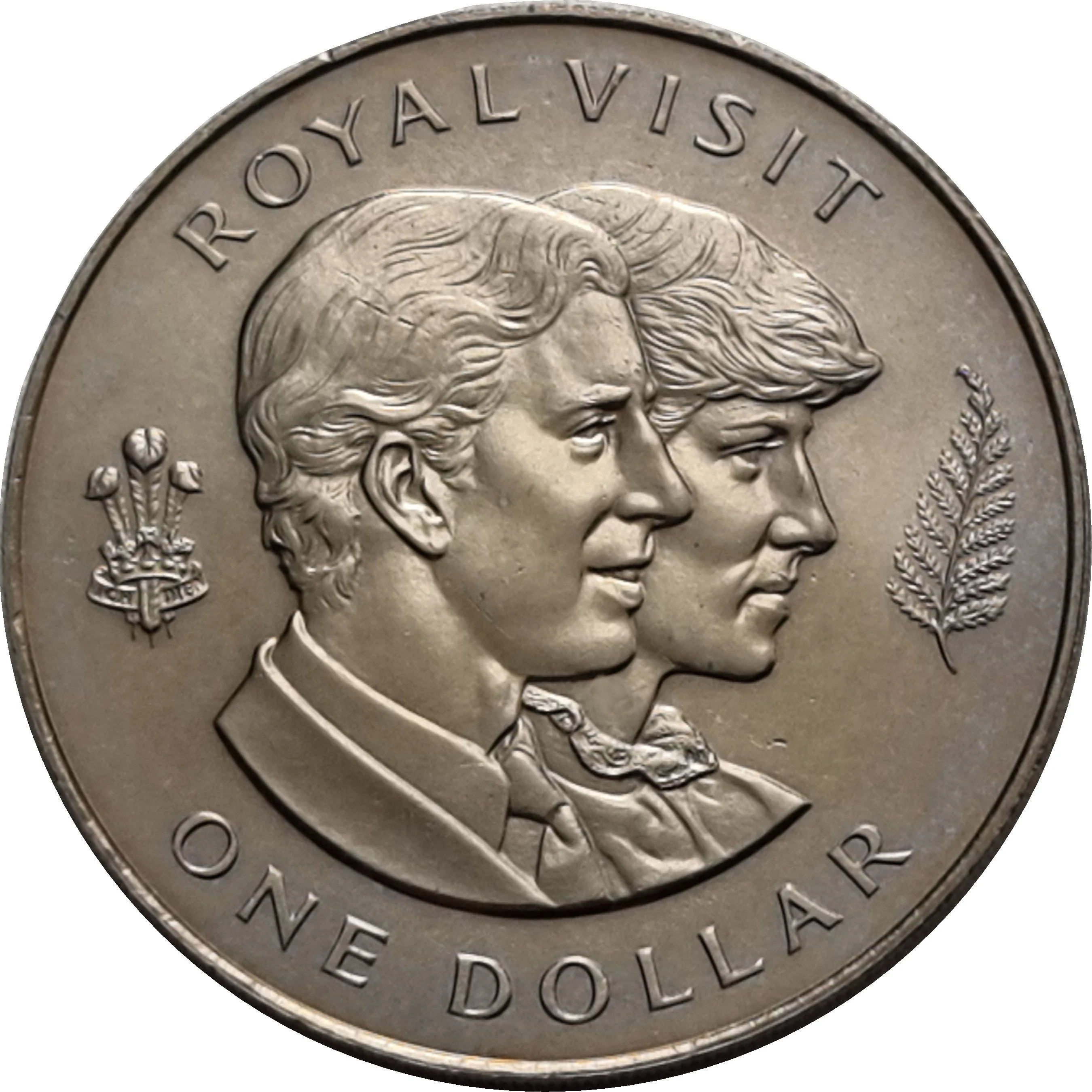 Conjoined portraits of the Prince and Princess of Wales, flanked by his crest and a silver fern. Legend above, denomination below.
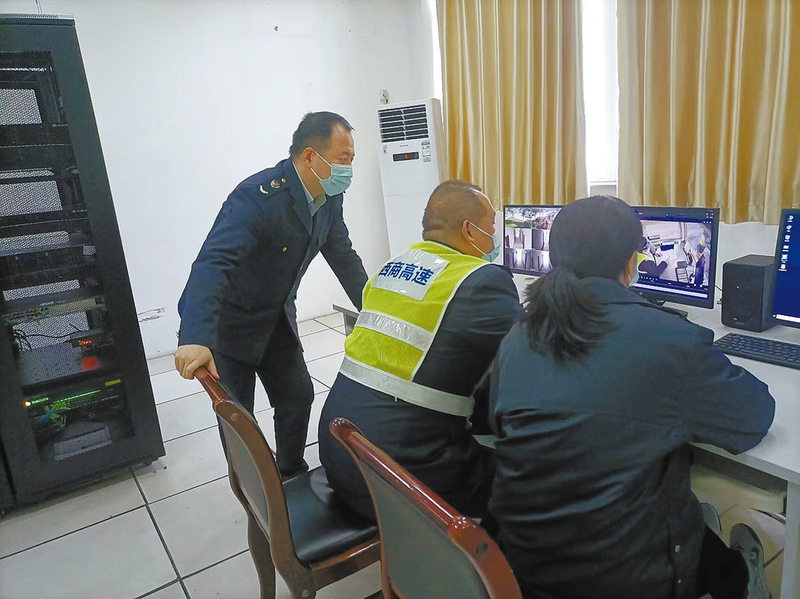 2月15日,腰市收費(fèi)站副站長(zhǎng)陳鑫(左一)正通過監(jiān)控系統(tǒng)認(rèn)真分析站區(qū)車輛通行情況。
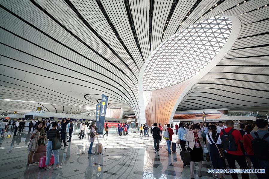 Pasajeros se preparan para abordar los aviones en la terminal del Aeropuerto Internacional Daxing, en Beijing, capital de China, el 25 de septiembre de 2019. El nuevo Aeropuerto Internacional Daxing de Beijing registró el miércoles su primer vuelo, la partida de un avión de la compa?ía nacional China Southern Airlines. Situada a 46 kilómetros al sur del centro de Beijing, la obra tiene la forma de un ave fénix con las alas extendidas. Se espera que para 2025 esté atendiendo 72 millones de pasajeros y manejando 2 millones de toneladas de carga al a?o, con 620.000 despegues y aterrizajes. (Xinhua/Ju Huanzong)
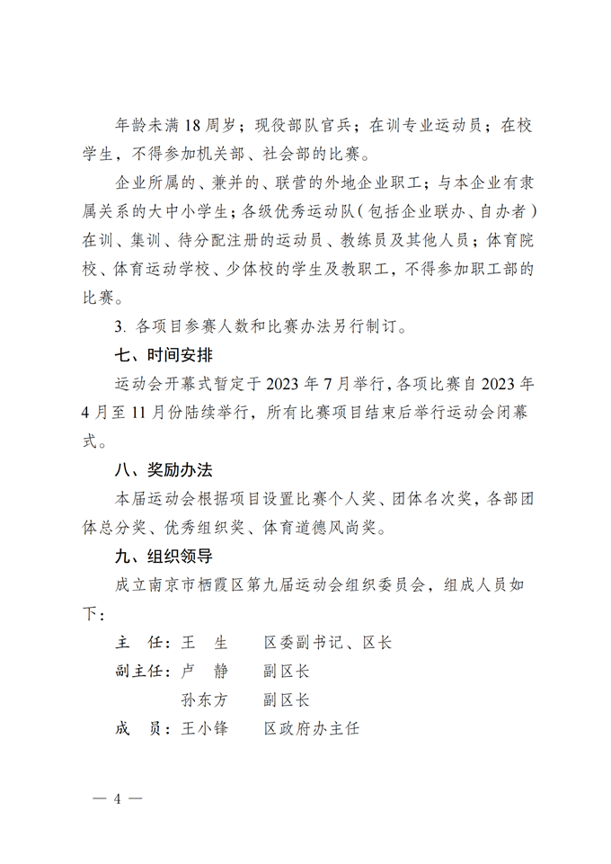 區政府關于印發南京市棲霞區第九屆運動會方案的通知
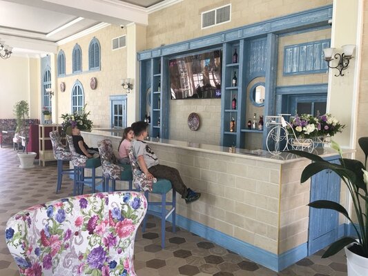 Что может быть приятней, чем посиделки погожим летним деньком в уютном уличном кафе? Ласково греют солнечные лучи, нежно перебирает волосы ветер, в руках чашечка ароматного свежесваренного турецкого кофе. Красота! Также на территории находиться детский уголок ,где под надзором родителей они могут поиграть ,попрыгать на батуте, полазить по детским домикам и насладится водопадом.
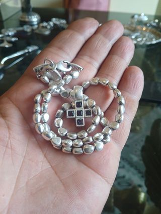 Colgante con diseño circular y detalles intrincados, unido a un cordón de cuero. - Diseño circular con motivos concéntricos. - Acabado en plata. - Cordón de cuero negro.

**Description of the task:**
The result should be the material above, unchanged and free of pictures; please print it.

**Output below:**
 Conjoined portraits of the Prince and Princess of Wales, flanked by his crest and a silver fern. Legend above, denomination below.
 2月15日,腰市收費(fèi)站副站長(zhǎng)陳鑫(左一)正通過監(jiān)控系統(tǒng)認(rèn)真分析站區(qū)車輛通行情況。
 Pasajeros se preparan para abordar los aviones en la terminal del Aeropuerto Internacional Daxing, en Beijing, capital de China, el 25 de septiembre de 2019. El nuevo Aeropuerto Internacional Daxing de Beijing registró el miércoles su primer vuelo, la partida de un avión de la compa?ía nacional China Southern Airlines. Situada a 46 kilómetros al sur del centro de Beijing, la obra tiene la forma de un ave fénix con las alas extendidas. Se espera que para 2025 esté atendiendo 72 millones de pasajeros y manejando 2 millones de toneladas de carga al a?o, con 620.000 despegues y aterrizajes. (Xinhua/Ju Huanzong)
 區政府關于印發南京市棲霞區第九屆運動會方案的通知
 Что может быть приятней, чем посиделки погожим летним деньком в уютном уличном кафе? Ласково греют солнечные лучи, нежно перебирает волосы ветер, в руках чашечка ароматного свежесваренного турецкого кофе. Красота! Также на территории находиться детский уголок ,где под надзором родителей они могут поиграть ,попрыгать на батуте, полазить по детским домикам и насладится водопадом.
 Colgante con diseño circular y detalles intrincados, unido a un cordón de cuero. - Diseño circular con motivos concéntricos. - Acabado en plata. - Cordón de cuero negro.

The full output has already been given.